Житье-бытье мальчишечье - Борис Михайлович Забелин
Анна Петровна помогала готовить пьесу. Ее сразу же удивил Горька. Он умело коверкал русский язык, пыжился, как заправский немец, так натурально вел себя, что мальчишки, наблюдая за ним, орали: «Смерть фашисту! Бей его!»
Анна Петровна даже испугалась, как бы не пристало к Горьке это проклятое прозвище. Но скоро успокоилась, видя, как после репетиции мальчишки одобрительно хлопают Горьку по плечу и показывают большой палец. И все же прозвище ему дали, но другое. Женька однажды восхищенно заявил:
— Ты у нас, Горька, великий артист.
С его легкой руки все стали звать Горьку Артистом.
Юрка возмущался:
— Кончайте. Что, у него имени нет?
— Да ладно,— миролюбиво отмахивался Горька,— жалко, что ли?
Он нисколечко не обижался, наоборот, был очень доволен, хотя виду не подавал.
...Первый свой концерт ребята приурочили к Дню Красной Армии. Они очень волновались. Но успех был полным. Раненые долго и шумно аплодировали артистам, потом накормили их, вручили по пачке «сладких петушков» и только тогда отпустили.
Юрка распрощался с ними раньше других: дома ему предстояло натаскать воды в баню.
Зайдя во двор, он привычно сунул руку в почтовый и шик, похожий на скворечник. Нащупал бумагу и с забившимся от волнения сердцем вытащил солдатский треугольник». От радостной догадки (.«Брат написал!») Юрка не сразу заметил, что адрес выведен незнакомым почерком. Торопливо развернул письмо. В нем оказалась бумажка, на которой было написано: «На ваш запрос сообщаем, что ваш сын... в боях с немецкими оккупантами, проявив геройство и отвагу, был убит, похоронен с отданием воинских почестей. Извещение о его смерти и наградное свидетельство вам выслано...»

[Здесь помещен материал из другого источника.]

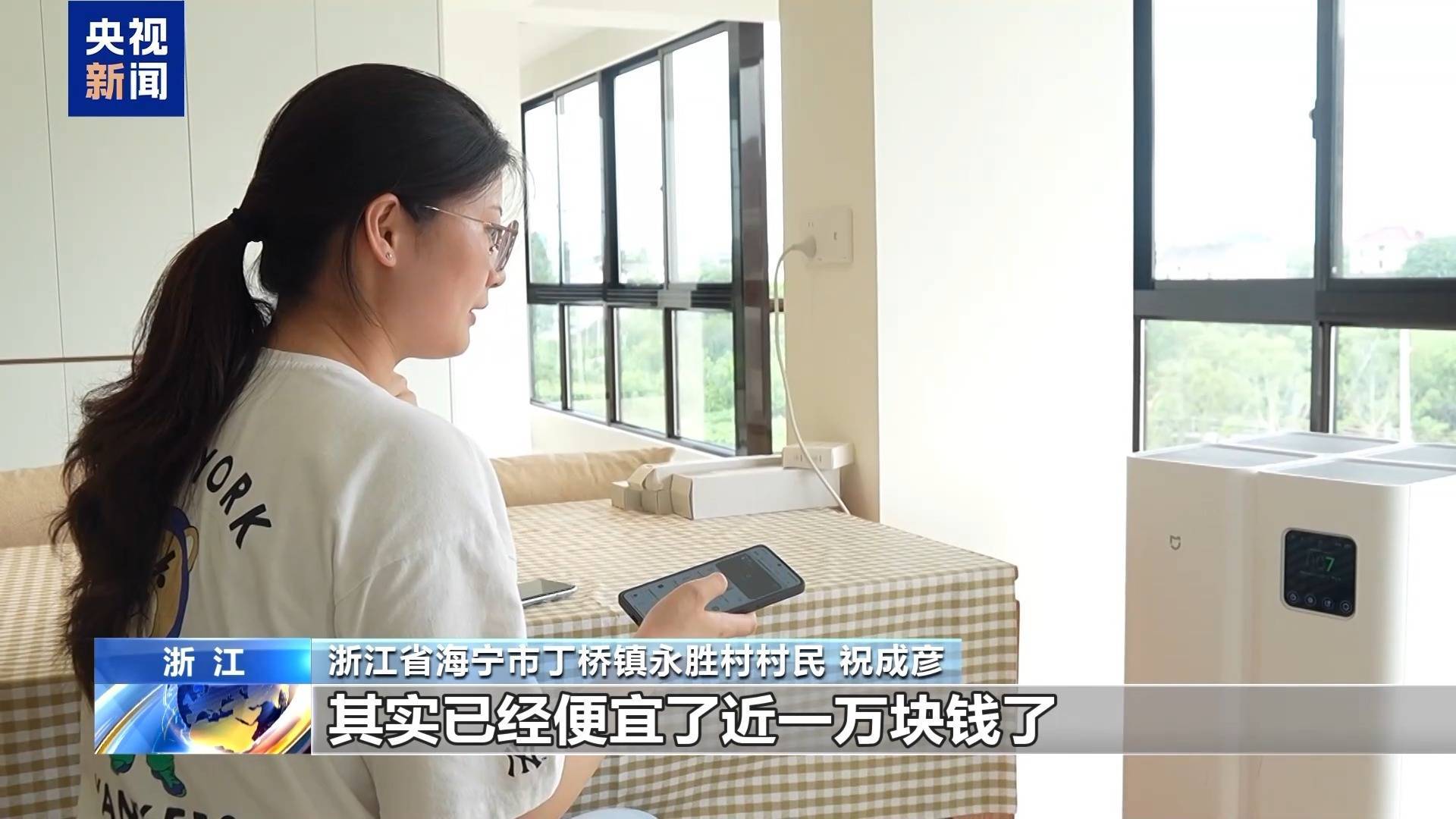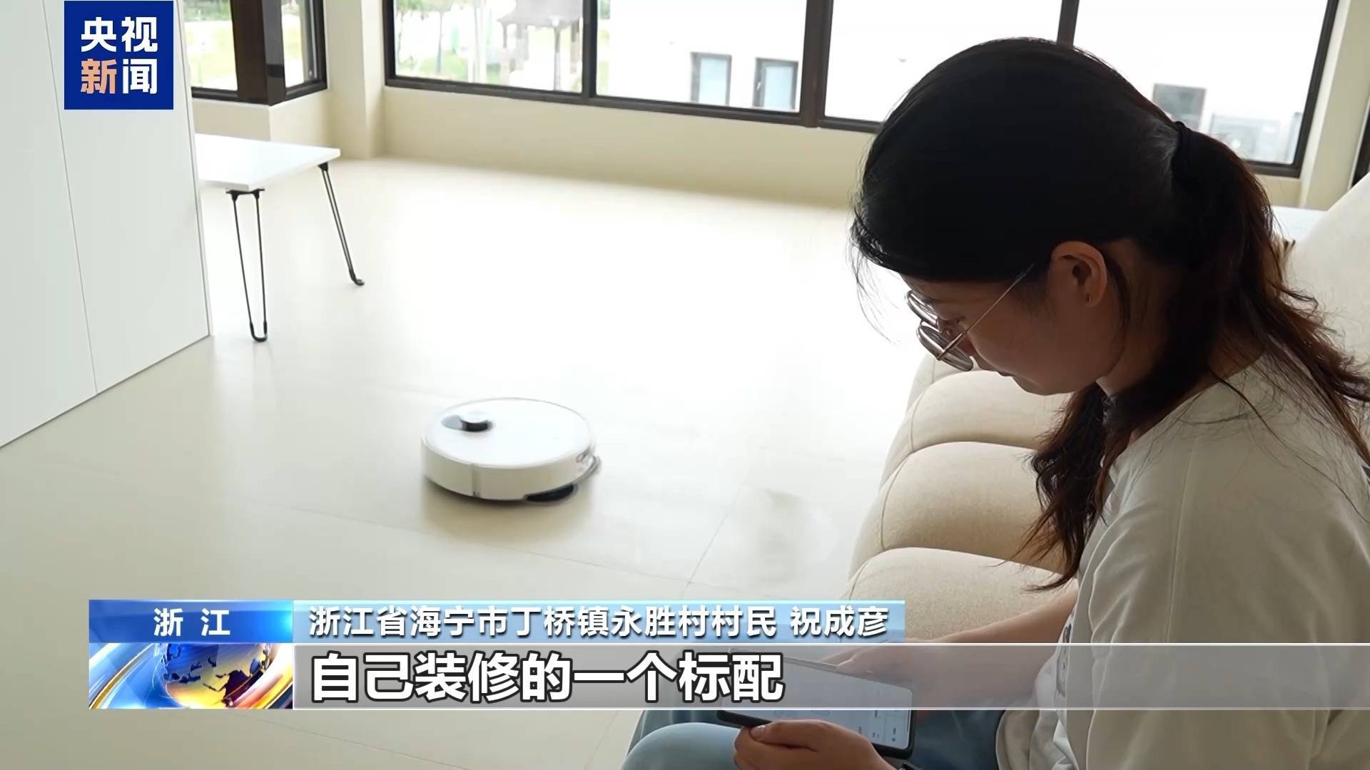 浙江省海宁市丁桥镇永胜村村民 祝成彦:扫地机器人有活动,加上国补便宜了八百多,零零散散的像灯具、洗衣机加起来已经便宜了近一万块钱了。

До Юрки не сразу дошел весь смысл написанного. Он, конечно, понял, что речь идет о смерти. Но при чем тут Алексей? Почтальон, наверное, ошибся. Юрка еще раз пробежал глазами адрес. Он был правильный. Начал читать вторично бумажку и споткнулся на своей фамилии, которую в первый раз случайно пропустил: там говорилось о Никитине Алексее Михайловиче...
Юрка ужаснулся, горло сдавили спазмы, глаза обволокло туманом, потом брызнули слезы. Как слепой, наталкиваясь на стены, поднялся по ступенькам, добрел до своей кровати, зарылся лицом в подушку. Рядом с кроватью упало письмо, похожее на опрокинутый бумажный кораблик...

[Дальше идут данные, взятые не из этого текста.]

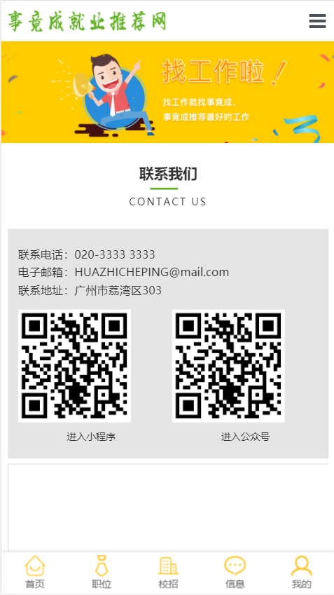 模板简介:该模板名称为【事竟成就业推荐网展示网站自适应响应式招聘网站模板免费下载】,大小是,文档格式为.,推荐使用打开,作品中的图片,文字等数据均可修改,图片请在作品中选中图片替换即可,文字修改直接点击文字修改即可,您也可以新增或修改作品中的内容,该模板来自用户分享,如有侵权行为请联系网站客服处理。欢迎来懒人模板【招聘】栏目查找您需要的精美模板。
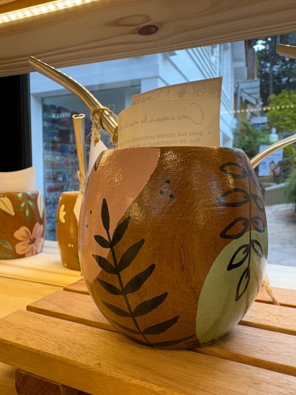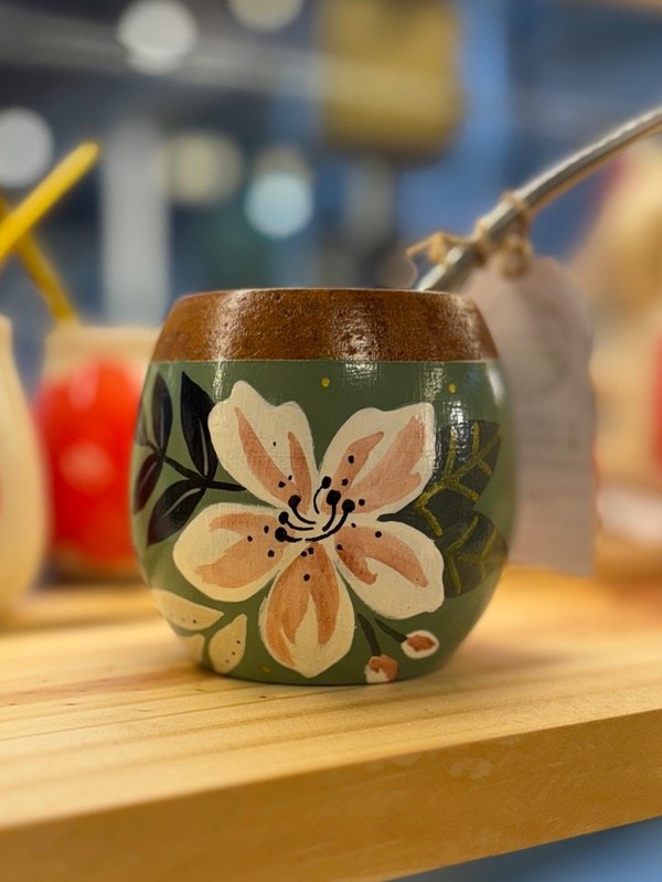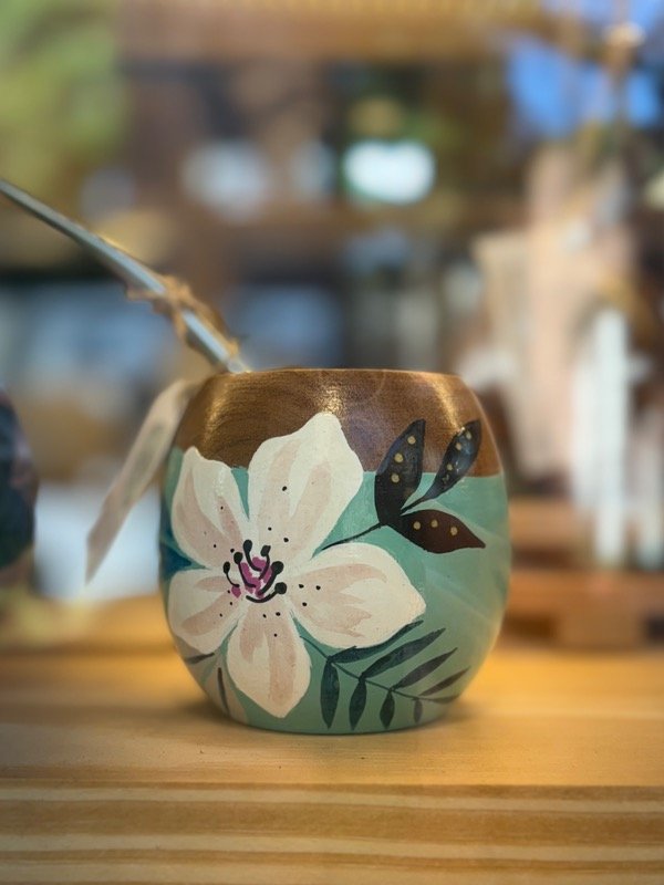 Mate de madera algarrobo, modelo redondo xl con diseño exclusivo pintado a mano.

Первой его заметила Анна Петровна, когда вернулась домой. В тот день словно иней осыпал ее черные волосы. Она слегла. Заболел Юрка. Тяжело переживали утрату Михаил Иванович и Галка. Только они оказались покрепче. Да и страх потерять жену и сына, маму и младшего брата смягчили в тот момент остроту обрушившегося на них удара. Это же помогло Анне Петровне быстро оправиться от болезни. С Юркой же было худо. Жар душил его, температура прыгала до сорока одного. Мама не отходила от него ни днем, ни ночью. То и дело меняла мокрую тряпку на его горячем, в бисеринках пота лбу, поправляла компресс.
А сын постоянно бредил. То вяло мотал головой по подушке, то вскакивал, глядя потемневшими от боли глазами на всех и никого не видя... Только раз он почувствовал, как вдруг погасло пламя в голове, и боль отступила.
В этот миг Юрка увидел маму, которая сидела возле него. Счастливо улыбнулся ей, хотел было подняться. Но глаза у него сами собой закрылись, и он будто полетел в глубокую яму. От страха открыл глаза и тут же прищурился от светлого пятна — окна. В него смотрело солнышко, которое расстелило по полу дорожку до самой кровати.
Вдруг вся комната начала медленно кружиться,
Словно кто-то раскручивал карусель. Вот проплывают перед Юркой окна... затем стулья... стол... стены... Показывается дверь, ведущая во двор. И тут мальчишка с удивлением замечает, что она начинает открываться. Юрка впивается в нее взглядом... Наконец дверь распахивается, и на пороге появляется человек. Он в офицерской форме, с погонами, на них — по маленькой серебряной звездочке. На груди тоже звезда, только большая и красная. Это орден, Мужчина подходит к Юрке, говорит с улыбкой в голосе (лица почему-то не видно), будто продолжая разговор:
—Ничего, дружище, это пройдет. Давай скоренько поправляйся, да и махнем с тобой на лыжах, как бывало, а?
Юрка, который еще не пришел в себя от неожиданного появления человека, сник, услыхав про лыжи.
—Сломал я их,— горестно выдавливает он.— Это Горька... вредный...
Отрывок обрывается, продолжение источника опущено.